Hey Arnold! also deals with the absence of parents, both physically and emotionally. Arnold lives with his grandparents because his parents disappeared when he was a baby. Though not a major focus, it’s clear that Arnold is affected by his parents’ disappearance. Although Helga’s parents aren’t gone, they are emotionally distant. A running joke of the series is the blatant favoritism that Helga’s parents show her older sister Olga (Nika Futterman) while nullifying Helga. Hey Arnold! Shows many parents and authority figures that fail to understand children. While childhood is idealized, it’s also a stressful time because kids don’t have much agency and don’t have much control of their circumstances. Being an adult is hard, but so is being a kid. Adults can forget how difficult the younger years are and not be able to relate to children even though they’ve been through adolescence themselves. Hey Arnold! understands that sometimes kids have to be their own advocates.
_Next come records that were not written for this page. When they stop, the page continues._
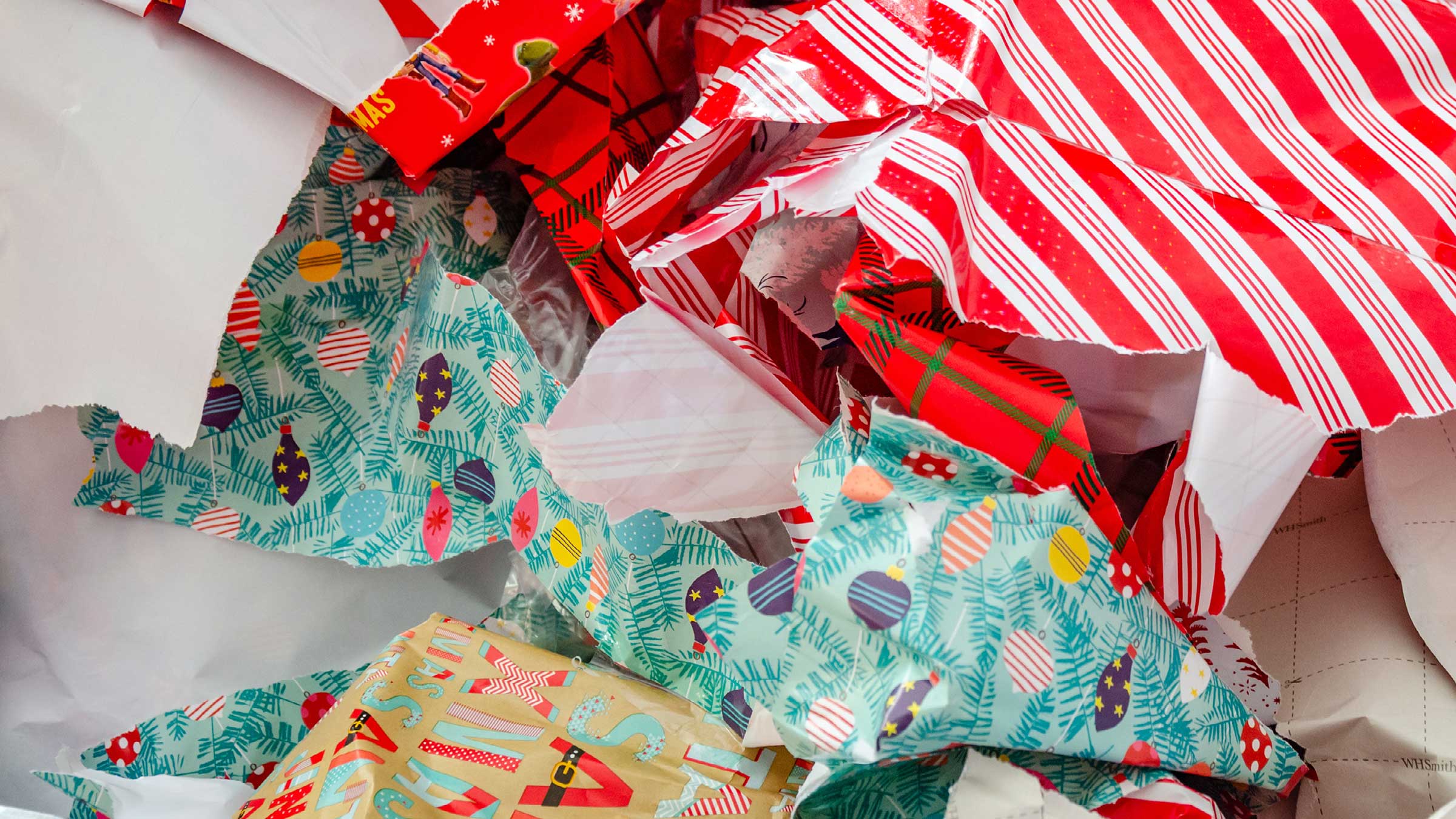 Glanset gavepapir og gavebånd skal sorteres som restavfall. Prøv å unngå glanset gavepapir, for det kan ikke gjenvinnes og må av den grunn sorteres som restavfall. Har du store mengder kan du samle opp i transparente avfallssekker som kan leveres på den lokale gjenvinningsstasjonen, mange gjenvinningsstasjoner tar imot gavepapir gratis etter jul.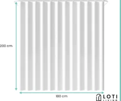 Het Loti Living douchegordijn is onmisbaar in elke badkamer. Het douchegordijn inclusief ringen is waterdicht en gemaakt van polyester. Het douchegordijn wassen is eenvoudig te doen in de wasmachine op 30 graden. Dit douchegordijn 180×200 cm is sneldrogend en anti schimmel. Het mooie en frisse ontwerp zorgt ervoor dat de badkamer er een stukje vrolijker uit ziet! Loti Living wenst u veel doucheplezier!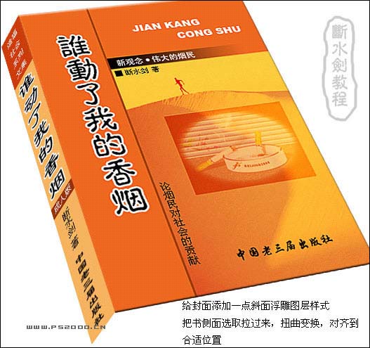 2、给封面添加一点斜面浮雕图层样式,把书侧面选取拉过来,扭曲变换,对齐到合适的位置。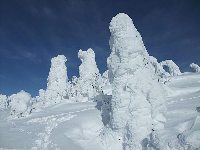 일본의 도호쿠(東北) 지방의 중앙부, 미야기현(宮城県)과 야마가타현(山形県)에 걸쳐 있는 화산인 자오산. 표고는 1,841미터입니다. 아이치현에 같은 이름의 산이 있어, ‘자오연봉(蔵王連峰)’이라는 이름으로 불리기도 합니다. 세계적으로도 희귀한 ‘수빙 명소’로, 야마가타현 쪽의 자오 온천 스키장(蔵王温泉スキー場)이 가장 알려져 있습니다. 미야기현의 센다이(仙台) 쪽에서도 수빙을 볼 수 있어 당일로 쉽게 보기 위해 센다이 쪽을 찾는 이들도 많다고 하네요.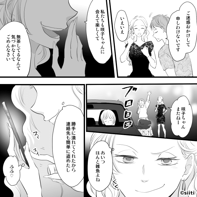 今回は『学生時代の“いじめっ子”が私を同窓会に誘った理由』を紹介します。 飲み過ぎてしまい、婚約者に迎えを頼もうとスマホを取り出した主人公。 すると同級生が「連絡してあげる〜」と主人公からスマホを奪い…。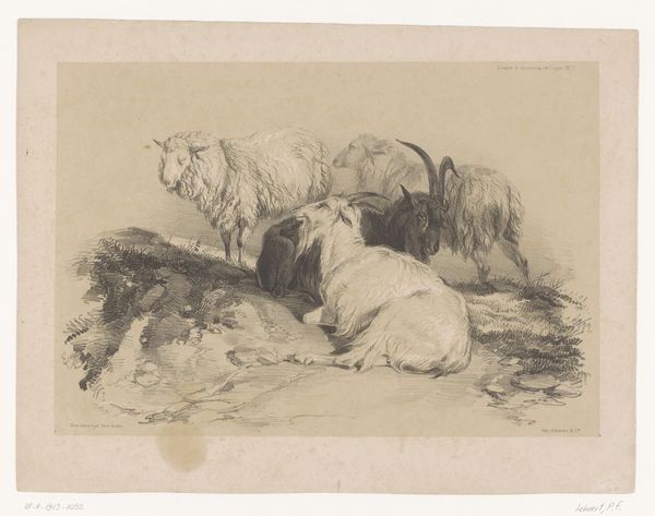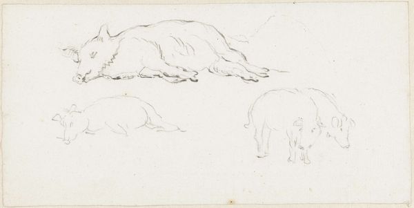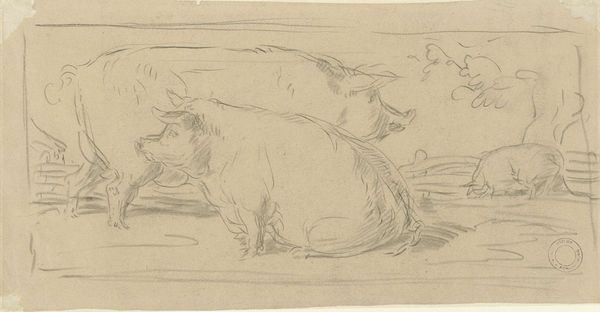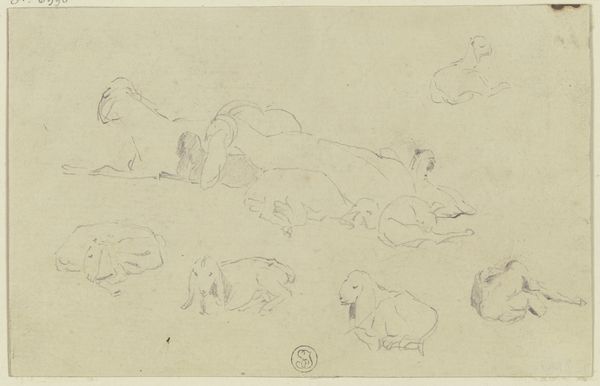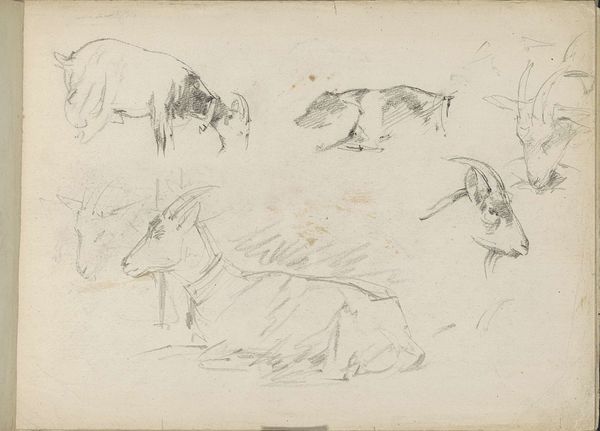 Johannes Tavenraat rendered this graphite composition of resting animals and portraits. The arrangement of the sketches across the page creates a dynamic interplay of form. Loose, gestural lines define the contours of goats, a horse, and men’s heads, giving each figure a sense of volume without fully enclosing them. This technique invites the viewer's eye to complete the forms, participating in the visual experience. The interplay of light and shadow, achieved through subtle gradations of graphite, enhances the texture and dimensionality. The use of hatching creates tonal depth, particularly noticeable in the rendering of the reclining goats. By employing such open-ended, yet precise mark-making, Tavenraat challenges conventional representational strategies, prompting us to reconsider the relationship between perception and artistic representation.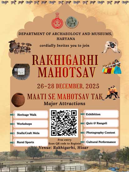 Venue: Iconic Archaeological Site of Rakhigarhi Village, Hisar, Haryana (Entry Free)
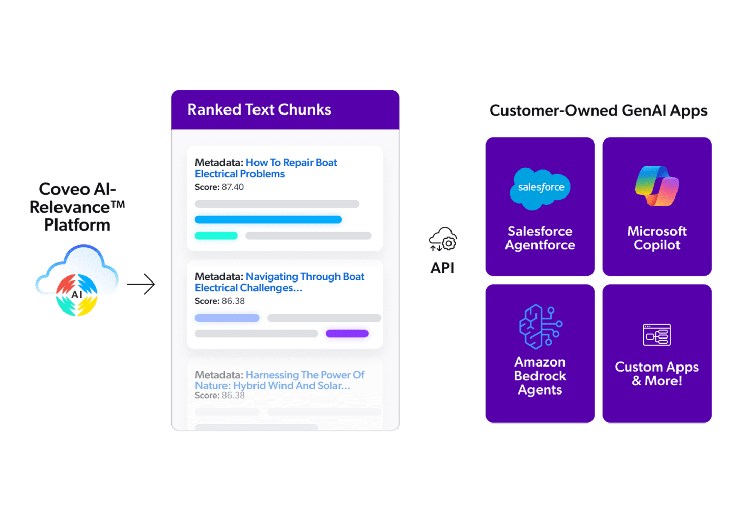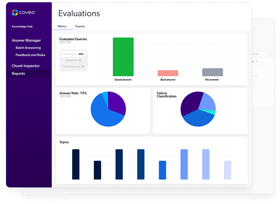 - Choose from fully managed GenAI applications like Coveo Relevance Generative Answering (CRGA) or custom solutions for developers with APIs.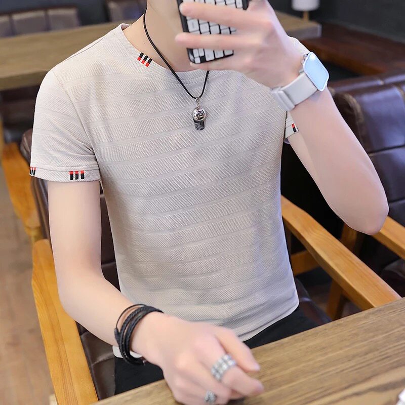 Pie-shirt men's short-sleeved t-shirt self-cultivation trend Korean version 2022 new all-match personality pure cotton white thin T-shirt

Even though the series first aired decades ago and being a kid looks different today than it did in the ‘90s, Hey Arnold! is still golden after all these years to the Millennials who grew up watching it. It saw us where we were as kids–learning that life is hard–and it sees us now as adults. It’s a show that understands us. Much of adulthood is realizing that we’re still kids that just happen to be inhabiting mature bodies, and the kids that we are inside can still see ourselves reflected in a football-headed kid and his rambunctious peers. In the time since Hey Arnold! we can see just how much and how little things have changed.